Sequence heterogeneity in PfMSP-119 protein, a leading vaccine candidate antigen for vaccination against erythrocytic stages of P. falciparum, may compromise its use as a vaccine candidate antigen. Based on sequence variations among different laboratory and field isolates, two prototypic alleles of P. falciparum MSP-1 represented by PfMAD20 and PfK1/Wellcome have been described in isolates from Africa, Asia and Latin America [15, 16, 24, 25]. The C-terminal 19 kDa region of MSP-1 (PfMSP-119) is a highly conserved region showing amino-acid alterations at only five positions out of 102 residues. Based on these alterations, about ten different PfMSP-119 allelic forms have been predicted in different field isolates across the world .
Here, sequence diversity in MSP-119 region, among Indian P. falciparum field isolates in malaria endemic villages in same geographical location was investigated. Some of these isolates have been previously analysed for sequence variations in the receptor binding domain of Pf EBA-175 . Sequence data of the 16th block of MSP-1 revealed that all the isolates were of PfMAD20 type. The present study's results and the data obtained from previous studies clearly demonstrate that MAD20 allelic form predominates among Indian PfMSP-1 isolates from different geographical locations [18, 20, 30]. In the 17th block, seven allelic forms was observed. Of these PfMSP-119 alleles, two alleles (E-TNR-L & E-TSR-F) have not been reported earlier, however, Qari et al (1998) have earlier predicted E-TNR-L. These allelic forms seem to have generated due to intragenic recombination between the two prototypic alleles as suggested earlier because all the substituted amino acids belonged to either one or other allelic form.

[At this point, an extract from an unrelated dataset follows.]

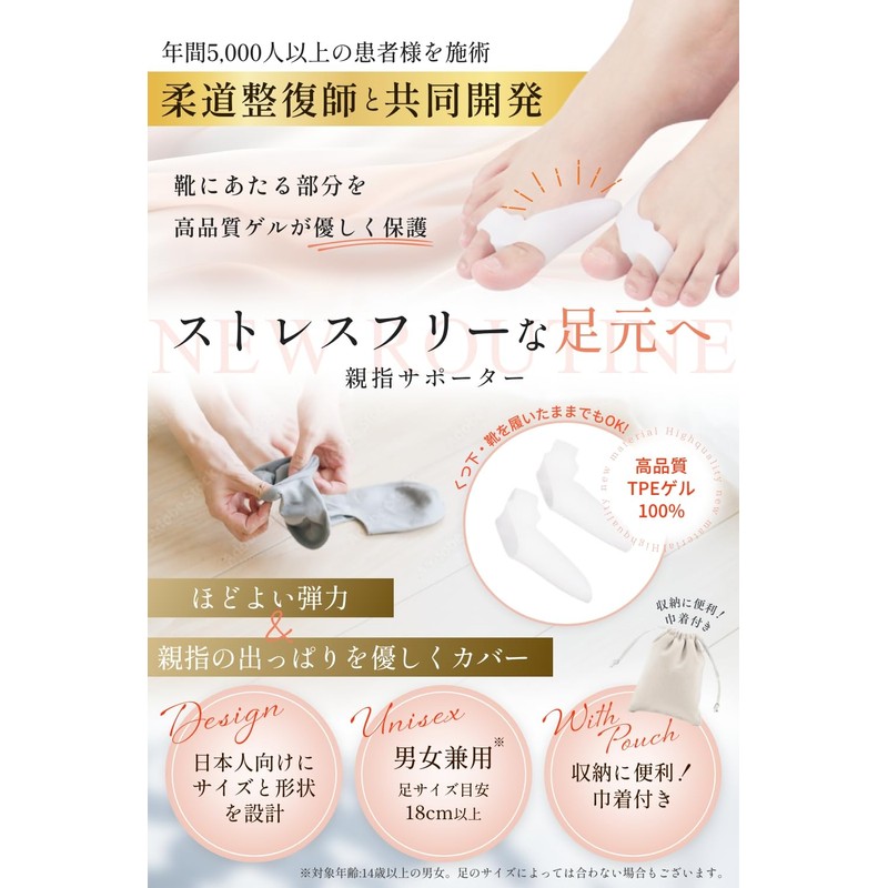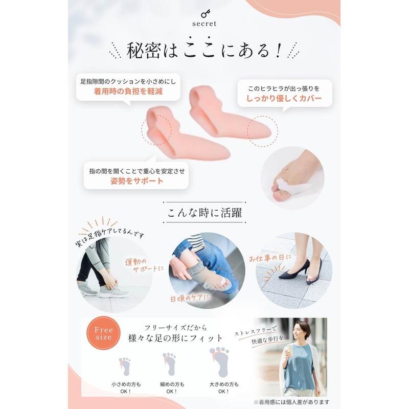 - 足サイズが22~27cmの方に適していて、中学生以上の男女であれば足指に着用することができます。足のサイズが小さめの方でも足囲や足幅が極端に短くない限り着用いただけます。

To know whether these five amino acid substitutions in the PfMSP-119 region generate variant specific immune responses in P. falciparum infected patients, three PfMSP-119 variants (Q-KNG-L, E-KNG-L & E-TSR-F) were expressed in an E. coli expression system with an N-terminal His tag. Proteins were purified on a Ni2+-NTA column. All the three PfMSP-119 recombinant forms were recognized well by an invasion inhibitory monoclonal antibody (12.10) and anti-PfMSP-119 (Q-KNG-L) polyclonal antibody. An earlier study  showed that the yeast secreted recombinant MSP-119 variants are recognized by polyclonal antibody raised against baculoproduced MSP1 (E-KNG) variant and by mAB 5B1 that is known to inhibit invasion. Recognition of all the PfMSP-119 variants by mAB 5B1 and 12.10 suggest that some of these protective epitopes are not variant specific. A preliminary investigation of protective type IgG1/IgG3 antibody response to Q-KNG-L sequence variant was carried out and significant IgG1/IgG3 responses were observed in the infected sera (data not shown). The frequency of IgG1 responses in different sera was quite similar while a significant difference was seen within IgG3 responses as previously shown .

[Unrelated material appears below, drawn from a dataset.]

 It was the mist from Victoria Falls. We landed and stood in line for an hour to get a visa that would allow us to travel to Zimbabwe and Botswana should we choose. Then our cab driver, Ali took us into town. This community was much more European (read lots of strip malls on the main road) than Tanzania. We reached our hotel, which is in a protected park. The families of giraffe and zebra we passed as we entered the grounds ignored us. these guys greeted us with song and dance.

To determine the presence of variant specific antibodies during the natural infection, sera from BK3-62, CM3-56 and PP3-18 patients were immuno-depleted using each of the three recombinant antigens and the depleted sera were analysed for reactivity with three variant antigens. Results demonstrated that sera from P. falciparum infected patients do contain cross-reactive as well as PfMSP-119 variant specific antibodies. At present, it is difficult to say up to what extent these variant specific antibodies contribute to protective immune responses. Another aspect that requires probing is the contribution of historic infections with parasite of different sequence types. However, data from a number of challenge studies have also provided evidences for the variant specific immune responses. Immunization of mice with recombinant PyMSP-119 protected mice against homologous but not heterologous sporozoite or blood stage challenges [32, 33]. In some cases where some level of protection to heterologous malarial challenge was seen, it was significantly lower than the homologous challenge [6, 34].